General characteristics
- Type: Wet sub
- Displacement: 600 pounds (270 kg)
- Length: 12 ft 8 in (3.86 m)
- Beam: 2 ft 3 in (0.69 m)
- Propulsion: One 24v electric motor (5 hp), powered by four 6v batteries
- Speed: 4.4 knots (8.1 km/h) maximum, 3.5 knots (6.5 km/h) cruise
- Range: 40 nautical miles (74 km)
- Test depth: 50 ft (15 m)
- Crew: Single occupancy
- Armament: Nine limpet mines, 3.5 pounds (1.6 kg) of explosives

= Motorised Submersible Canoe =

WWII British frogman delivery vehicle

The Motorised Submersible Canoe (MSC), nicknamed Sleeping Beauty, was an underwater vehicle built by the British Special Operations Executive (SOE) during the Second World War.
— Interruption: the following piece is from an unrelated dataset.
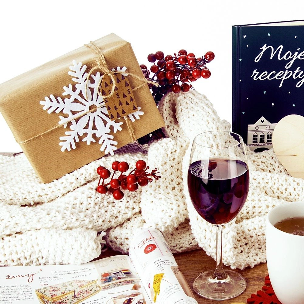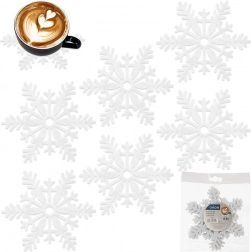 Stilfulde hvide underlag af kraftig filt beskytter pålideligt bordoverfladen mod varme, fugt og ridser. Det vinterlige motiv med snefnug skaber straks en højtidelig atmosfære og gør enhver indretning hyggeligere. Underlagene er lette at opbevare, lette i vægt og behagelige at røre ved.

It was designed to enable a single frogman to sabotage enemy ships, though it would also be used for short-range reconnaissance. They were replaced by the diver propulsion vehicle after the end of the war.

==Design==

=== History ===
MSCs were initially conceived of in an attempt to create an improved version of the simplistic folboat. It was created by the Allied Inter-Services Research Bureau and designed by Major Hugh Reeves, R.E., who was also given the task of designing an 'unspecified device' for an underwater approach at the confidential research area Station IX. based on an idea from Lt Col "Blondie" Hasler which he called the 'underwater glider' and developed at Aston House to Hasler's specifications. The design process began in 1942 and had all but finished by the end of 1943.

It was originally called the "Underwater Glider", but nicknamed the "Sleeping Beauty" before finally being officially named the Motorised Submersible Canoe. According to one story, the craft became known as "Sleeping Beauty" after Reeves was discovered sleeping in it by a passing officer.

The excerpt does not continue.